Note that the approach here is different from model sets which are described in Fitting Model Sets, which are a way of fitting a linear model with a vector of parameters to a data array, as in that specific case the fitting can be truly vectorized, and will likely not benefit from the approach described here.
Getting started#
To demonstrate the use of this function, we will work through a simple
example of fitting a 1D model to a small spectral cube (if you are
interested in accessing the file, you can find it at
l1448_13co.fits
,
but the code below will automatically download it).

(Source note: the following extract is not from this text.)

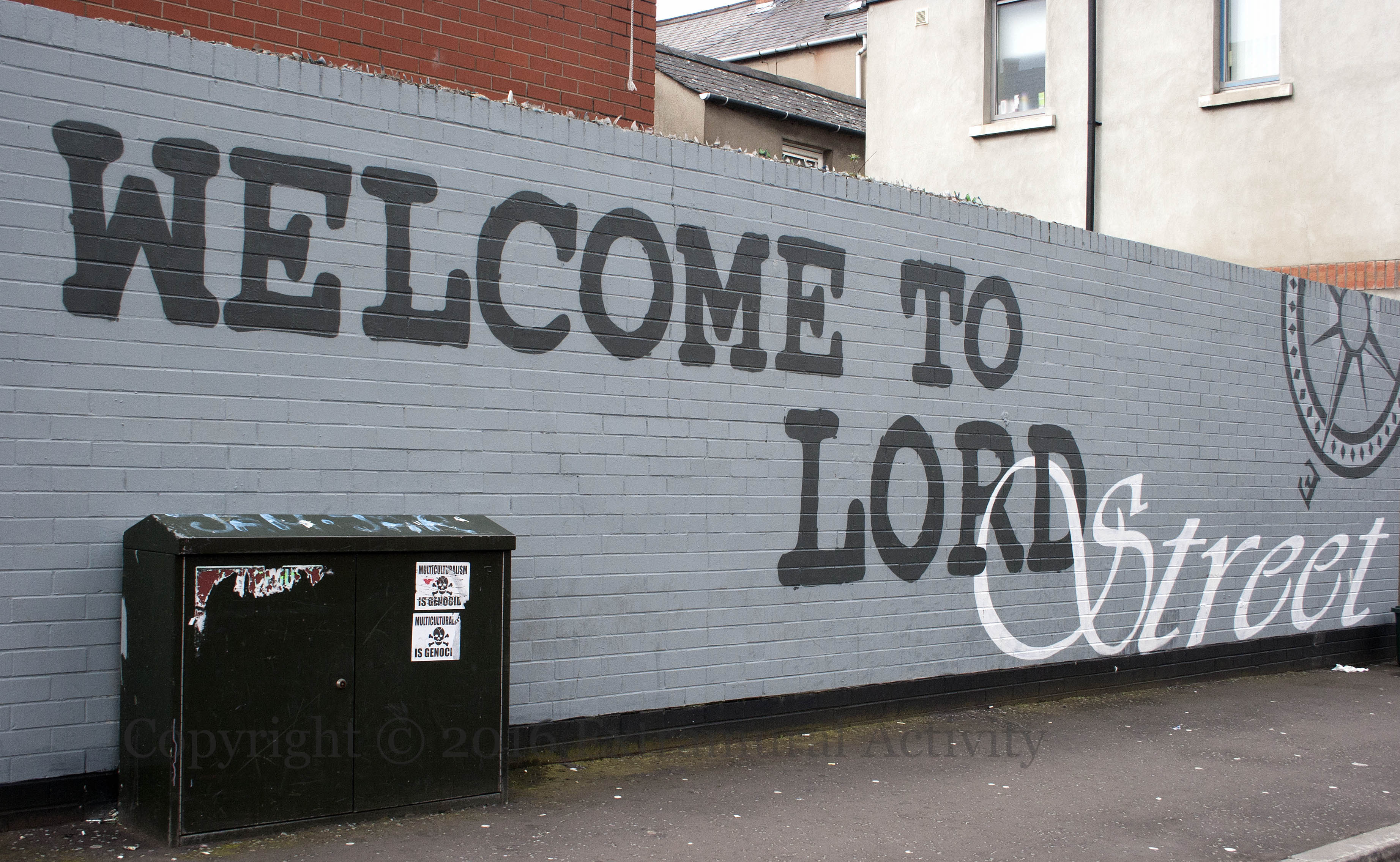 The flyers above (on an electrical box in east Belfast) have been damaged not by time and the weather but by deliberate human efforts to remove them, one by scoring and the other by peeling. The sentiment expressed – that adapting oneself and the community to the influx of foreign nationals — or at least its public expression, is thus controversial in the area.

We start by downloading the cube and extracting the data and WCS:
>>> from astropy.wcs import WCS
>>> from astropy.io import fits
>>> from astropy.utils.data import get_pkg_data_filename
>>> filename = get_pkg_data_filename('l1448/l1448_13co.fits')
>>> with fits.open(filename) as hdulist:
... data = hdulist[0].data
... wcs = WCS(hdulist[0].header)
We extract a sub-cube spatially for the purpose of demonstration:
>>> data = data[:, 25:75, 35:85]
>>> wcs = wcs[:, 25:75, 35:85]
This is a cube of a star-formation region traced by the 13CO line. We can look at one of the channels:
>>> import matplotlib.pyplot as plt
>>> ax = plt.subplot(1, 1, 1, projection=wcs, slices=('x', 'y', 20))
>>> ax.imshow(data[20, :, :])
We can also extract a spectrum for one of the celestial positions:
>>> ax = plt.subplot(1, 1, 1, projection=wcs, slices=(5, 5, 'x'))
>>> ax.plot(data[:, 5, 5])
We now set up a model to fit this; we will use a simple Gaussian model, with some reasonable initial guesses for the parameters:
>>> from astropy import units as u
>>> from astropy.modeling.models import Gaussian1D
>>> model = Gaussian1D(amplitude=1 * u.one, mean=4000 * u.m / u.s, stddev=500 * u.m / u.s)
The data does not have any units in this case, so we use u.one
as
the unit, which indicates it is dimensionless.
Before fitting this to all spectra in the cube, it’s a good idea to test the model with at least one of the spectra manually. To do this, we need to extract the x-axis of the spectra:
>>> import numpy as np
>>> x = wcs.pixel_to_world(0, 0, np.arange(data.shape[0]))[1]
>>> x
<SpectralCoord
(target: <ICRS Coordinate: (ra, dec, distance) in (deg, deg, kpc)
(57.66, 0., 1000.)
(pm_ra_cosdec, pm_dec, radial_velocity) in (mas / yr, mas / yr, km / s)
(0., 0., 0.)>)
[2528.19489695, 2594.61850695, 2661.04211695, 2727.46572695,
2793.88933695, 2860.31294695, 2926.73655695, 2993.16016695,
...
5716.52817695, 5782.95178695, 5849.37539695, 5915.79900695,
5982.22261695] m / s>
We can now carry out the fit:
>>> from astropy.modeling.fitting import TRFLSQFitter
>>> fitter = TRFLSQFitter()
>>> model_fit_single = fitter(model, x, data[:, 5, 5])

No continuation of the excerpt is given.